Martha W. Baldwin Bowsky has set forth the evidence of Priscus' ancestry. He was the son of Aulus Larcius Lepidus Sulpicianus and Caecina A.f. Larga; a sister has been identified for him, Larcia A.f. Priscilla. His father Sulpicianus is best known as quaestor to the proconsular governor of Crete and Cyrenaica and commander of Legio X Fretensis in the year 70; his cursus honorum does not list any offices from praetor forward, so it is possible Sulpicianus died before he reached that rank. Priscus' maternal grandfather was Gaius Silius, consul in AD 13. His paternal grandparents were Aulus Larcius Gallus, a member of the equestrian class, and Sulpicia Telero, a daughter of the aristocracy of Crete.

== Career up to Syria ==
Due to an inscription erected in Timgad in current-day Algeria by a civic council commemorating his status as town patron, his career is known up to the point he held the consulate. Priscus set up a dedication to Jupiter Optimus Maximus a few years earlier at Foum-Meriel, also in Algeria, which helps to determine the sequence of some of his offices.

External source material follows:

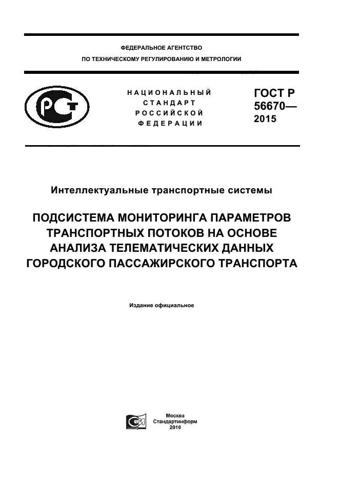 | Название рус.: | Интеллектуальные транспортные системы. Подсистема мониторинга параметров транспортных потоков на основе анализа телематических данных городского пассажирского транспорта |

Priscus began his career serving as the sevir equitum Romanorum at the annual review of the equites. Next he was one of the magistrates known as the decemviri stlitibus judicandis, one of the four boards that formed the vigintiviri; membership in one of these four boards was a preliminary and required first step toward gaining entry into the Roman Senate. Next Priscus was appointed a quaestor, which admitted him to the senate. Of the twenty quaestors appointed each year, ten were allocated to assist the proconsuls of the public provinces; Priscus was allocated to the proconsular governor of Asia, a choice position.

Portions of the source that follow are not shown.